When an imbalanced problem occurs in the training data, learning algorithms will tend to the majority class and misclassify the minority class. This is because negative samples are given small weights when training. Furthermore, some evaluation metrics, such as accuracy and precision, will get high overall scores that mislead the analyst with good performance. However, the model performs poorly on testing data and gives lower recall and F1-score for negative samples. This negative effect makes it very difficult to accurately predicate one of these classes. Thus, we must be sure that our model doesn’t overfit or underfit on one of these classes. Therefore, the methods solving imbalanced problem aim to balance the positive and negative samples.
Methods to deal with class imbalanced problem can be divided into three types: data-level methods, algorithm-level methods, and hybrid techniques. Data-level methods adjust training dataset distribution to reduce the level of class imbalance, which can be mainly divided into under-sampling and over-sampling. Algorithm-level methods attempt to change weights in learning or decision process to increase the importance of minority class. The representative method is cost-sensitive method. Finally, hybrid techniques combine both methods strategically. Data sampling can reduce the impact of category noise, and cost-sensitive learning reduces the model bias for majority class.

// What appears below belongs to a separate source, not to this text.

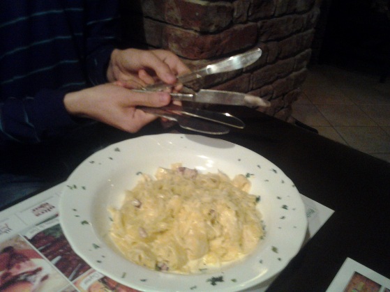 Nici pe Stan nu l-au impresionat prea mult pastele, dar măcar a putut alege cu ce să le savureze. I-au fost aduse 4 cuţite mari şi frumoase, la ce ar putea avea nevoie de o furculiţă? De sosul pastelor nu prea a fost el mulţumit, spunând că ar fi avut un gust destul de ciudat, iar întreaga experienţă l-a costat 18 lei, deloc ieftin.

The emergence of deep generation models provides inspiration for us to solve sample imbalances. Deep generation models mainly represented are generative adversarial network (GAN), 3 variational autoencoder (VAE), 4 and other models. Compared with VAE and other generation models, GAN is very flexible during training. It does not require too many mathematical assumptions and various approximate inferences to capture data distribution. Therefore, the difficulty of model training is greatly reduced, and it is very successful in generating complex data, including handwritten digits, faces, and CIFAR images. And GAN uses the adversarial loss that has higher resolution than VAE models at generated images.

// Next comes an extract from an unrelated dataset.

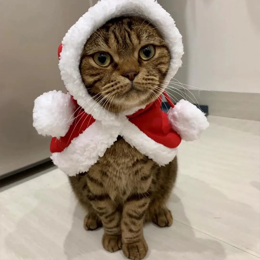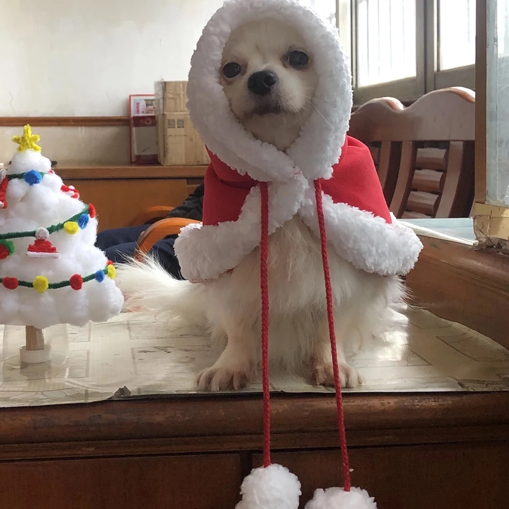 Рождественское пальто для питомцев, собак, кошек, щенков, Санта Клауса, накидка с шапкой, Рождественская теплая одежда, праздничный костюм для питомцев на День Благодарения

In this article, we explore the possibilities of applying GAN to handle online transactions imbalance problem by generating negative samples. To deal with the time series characteristics of transactions, we add the long short-term memory (LSTM) 5 layer to GAN, named New_GAN, to generate negative samples of transactions. While using GAN to generate close to the original data distribution, the LSTM network avoids the impact of data time series characteristics on the generated data. At the same time, a sample consistency evaluation model is established for the generated one-dimensional transaction data. The samples generation process will be the generator to capture the actual data distribution and create samples for negative group. The main contributions of this article are as follows:
A new generation model for online transactions samples has been proposed, combined GANs with LSTM networks. The adversarial discriminator guides the generator to produce realistic data with time series by playing a min-max game;
In order to avoid generating data uncontrollable and unrealistic, we update the objective function. In the generator optimization goal, we add feature penalty from real data and generated data during the model training;
We describe an evaluation metric to decide model performance comprehensively. The Kernel MMD (maximum mean discrepancy) 6 and the correlation coefficient are considered from both data distribution and sample attributes relevance respectively.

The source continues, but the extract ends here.